A reação inicial de Boaventura Sousa Santos e do CES às denúncias
Ainda que o capítulo do livro que espoletou tudo não identificasse ninguém, assim que este foi tornado público, ao DN, Boaventura Sousa Santos acabou por dizer reconhecer-se na descrição do professor-estrela, ainda que rejeitasse as acusações. E ameaçou que iria avançar com um processo-crime por difamação contra as três mulheres — como o Observador noticiou na altura dificilmente neste caso estaria em causa o crime de difamação, dado que o artigo não identificava ninguém.
Depois das primeiras notícias, houve outras alegadas vítimas que acabaram por fazer denúncias. No total, foram 32 as denunciantes.
O assistente de Boaventura Sousa Santos, Bruno Sena Martins, seria outra das personagens mencionadas no artigo (o Aprendiz) e era descrito como o “braço direito intelectual do professor e o seu sucessor”, que recebia os doutorados estrangeiros, estudantes e outros jovens investigadores.
Dias após a publicação do artigo, a direção e a presidência do Conselho Científico do CES anunciaram que ambos tinham sido suspensos “de todos os cargos que ocupavam” na instituição, “até ao apuramento de conclusões” da comissão. O CES demarcou-se de todas as acusações e das “posições assumidas publicamente por Boaventura de Sousa Santos e Bruno Sena Martins, nomeadamente no que respeita à intenção de avançar judicialmente contra as autoras”.

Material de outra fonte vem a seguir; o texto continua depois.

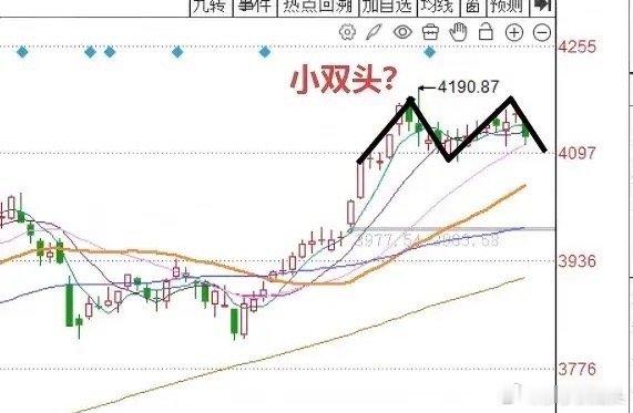 今天A股四落四起,明天A股怎么走?到底是涨是跌?兄弟们听莎莎讲三个理由:第一,推动本轮指数上涨的核心板块,比如说金属资源类板块,以及半导体板块,都已经在非常明显的短线高位。而且这两个板块都经过了非常明显的短线大幅拉升。我认为超短线要防止这两个热门板块,短线震荡回落,从而对大盘指数构成一定的压力。第二,上证指数最近几个交易日,重心缓慢上移,今天的最高点到达4170点附近,已经开始接近,我在上一周就和大家讲到的小双头的高点位置,4190点附近。而且在4170点附近是可以构成短线小双头的走势的大家请看图一。第三,代表小盘个股走势的中证2000指数,中证1000指数,包括中盘股中证500指数,昨天都留下了非常清晰的相对高位的长下影线大家请看图二。这种相对高位的长下影线,往往会在接下来几个交易日会被二次回踩确认。也就是说从这几个指数的角度来看,市场小盘股中盘股的调整,可能并没有结束。比如说,我们看到今天中证2000指数跌了0.73%。而中盘股,中证500指数虽然涨了0.61%,但是中证500指数的成交量放量的情况下,波动幅度却小于昨天。这说明中证500指数短线也出现了一定的滞涨的迹象。所以综合以上的分析,对于明天市场走势的判断,莎莎认为明天上证指数或者走出一颗小实体的阴线。那么明天A股到底怎么走?大家请看图三关于明天走势的手绘预测图:最后我想补充一点的是,我们可以看到最近几个交易日以来,市场每一天下跌的家数是比较多。昨天三市下跌的家数3400多家,今天有3600多家个股下跌。我们可以看到,市场实际的体感温度相对是比较低。而冰火两重天的是,局部热门板块,确实走出了热火朝天的行情。不过也正是因为这种局部板块的走牛行情,可能让大家忽视了整体市场下跌家数偏多的这种基本情况。所以往往在阶段小高点或者即将出现拐点的时候,很多朋友其实是“不知不觉的”。当然,虽然我看市场出现调整,但是即使调整,调整的深度其实是非常有限,市场的第1支撑点在4080点附近,第2支撑点稍微远一点,在4034点附近。兄弟姐妹们点赞,评论就是对我这个纯技术派的最大支持!

Agora, as conclusões do relatório, que nunca menciona o nome de Boaventura Sousa Santos, nem dos restantes membros do CES denunciados, são calaras: “Da análise de toda a informação reunida, bem como das versões entre as pessoas denunciantes e pessoas denunciadas que foram compatíveis entre si, indiciam padrões de conduta de abuso de poder e assédio por parte de algumas pessoas que exerciam posições superiores na hierarquia do CES”.